In a 1982 video interview with Reelin’ In The Years, Scott speaks at size in regards to the themes in “Blade Runner,” and what he means when he says it’s not a science-fiction movie. Clarifying his stance, Scott says that because the occasions of “Blade Runner” happen in 2019, it talks of a “close to future,” which was solely “40 years away” on the time the interview befell. The dystopian “multi-national megalopolis” in “Blade Runner” is in shambles as a result of overpopulation and air pollution, which have rendered the planet uninhabitable. Scott’s goal was to weave these very actual points right into a dystopian setting, principally as a reminder that this shouldn’t be the sort of future we might need:
“Hopefully, there’s a sort of dramatic separation from the viewers and from the movie at that second, so then they’re fairly clear they’re watching a fabrication, not essentially a prediction of the longer term. I hope it is not the longer term.”
By saying that the movie isn’t a prediction of the longer term, Scott is hopeful that real-world overpopulation and local weather change points will probably be handled in methods that can assist forestall such a bleak future.
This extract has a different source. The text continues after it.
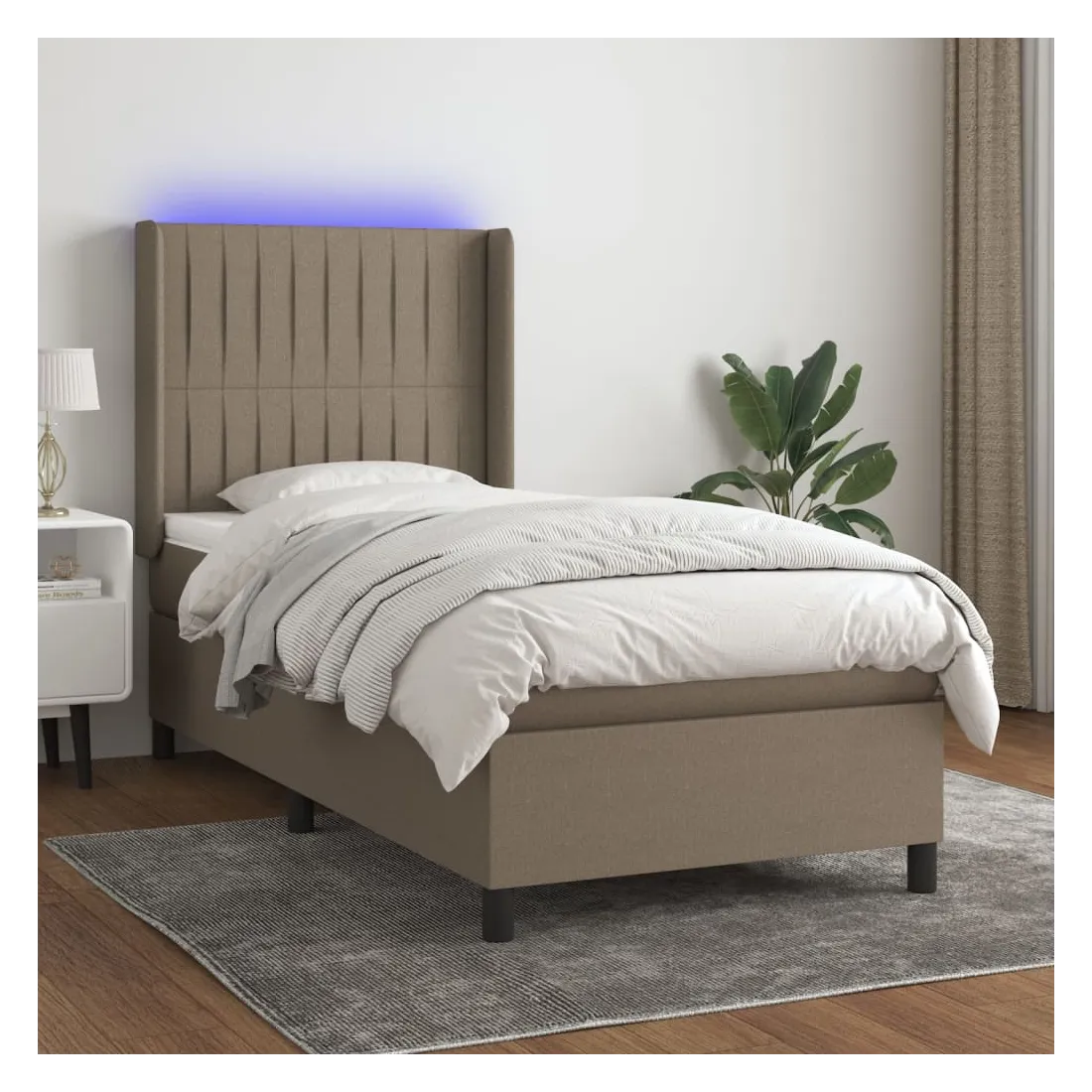 Utilisez ce sommier tapissier avec matelas et LED pour profiter d'un sommeil réparateur ! C'est le point central de votre chambre à coucher. Tissu durable : le tissu présente un aspect simple et épuré, et il est respirant et durable.Tête de lit pratique : la tête de lit est réglable en hauteur selon vos préférences. La tête de lit vous offre un excellent soutien du dos lorsque vous êtes assis dans votre lit pour lire ou regarder la télévision.Bande LED colorée : apportez de l'éclairage dans l'obscurité avec des lumières LED colorées !Matelas à ressorts ensachés : le ressort ensaché individuel intégré est connu pour sa très haute qualité tout en assurant un haut niveau de durabilité et d'adaptabilité. Il peut absorber efficacement le bruit et les chocs causés par les sauts et les rotations.Protège-matelas doux pour la peau : le protège-matelas est recouvert d'un tissu résistant et doux pour la peau, ce qui le rend souple et confortable. Remarque :Pour des raisons d'hygiène, le matelas ne peut pas être retourné si l'emballage est retiré ou ouvert.Seule la partie avec un symbole de ciseaux peut être coupée et seule la partie avec l'USB continuera à fonctionner comme avant.Chaque produit est livré avec un manuel de montage dans la boîte pour un montage facile.Ce produit est doté d'un connecteur USB, mais la source d'alimentation certifiée de USB 5V n'est pas incluse.

Despite his hope for humanity, Scott additionally says within the interview that he “do[es] imagine that’s the method it is going [depleted resources, environmental decay]” and that we might find yourself in a “Blade Runner” world “until one thing actually is finished about it.”
Well, horrible information, of us. “Blade Runner” isn’t science fiction anymore, neither is it a futuristic movie as a result of the movie’s future is already right here, which makes Scott’s movie a recent thriller.